▶ [REQUIRED WORK]: Starting at the first line of the listing below, repeat each line up to and including the one containing "retelele de socializare.". Leave out pictures.

▶ [DATA SHOWN]:
═══

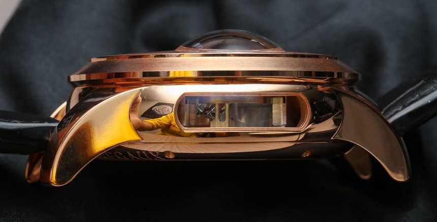 該機芯具有偏心時間表盤,以及方便的動力儲存指示器。當然,還有陀飛輪的大開窗,藍寶石水晶玻璃中有一個氣泡為其騰出空間。如今,水晶中的這種“氣泡”越來越容易被接受。也許真力時首先在最初的零重力陀飛輪中引入了它們,后來變成了Christophe Colomb 系列。其他品牌,如海瑞溫斯頓,也在水晶中使用氣泡來為復雜的陀飛輪復雜功能騰出空間。
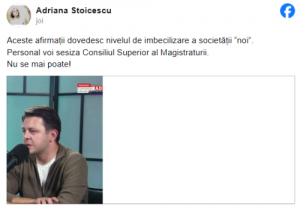 „Aceste afirmatii dovedesc nivelul de imbecilizare a societatii ‘noi’. Personal voi sesiza Consiliul Superior al Magistraturii. Nu se mai poate!”, a transmis magistratul intr-o postare pe retelele de socializare.
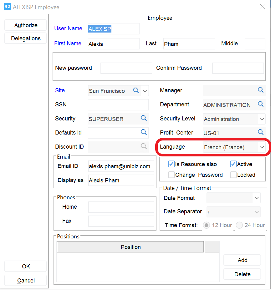 The user will be able to define a default language for an employee from within Employee edit window (as displayed below).

═══

▶ [ANSWER BOX]:
 該機芯具有偏心時間表盤,以及方便的動力儲存指示器。當然,還有陀飛輪的大開窗,藍寶石水晶玻璃中有一個氣泡為其騰出空間。如今,水晶中的這種“氣泡”越來越容易被接受。也許真力時首先在最初的零重力陀飛輪中引入了它們,后來變成了Christophe Colomb 系列。其他品牌,如海瑞溫斯頓,也在水晶中使用氣泡來為復雜的陀飛輪復雜功能騰出空間。
 „Aceste afirmatii dovedesc nivelul de imbecilizare a societatii ‘noi’. Personal voi sesiza Consiliul Superior al Magistraturii. Nu se mai poate!”, a transmis magistratul intr-o postare pe retelele de socializare.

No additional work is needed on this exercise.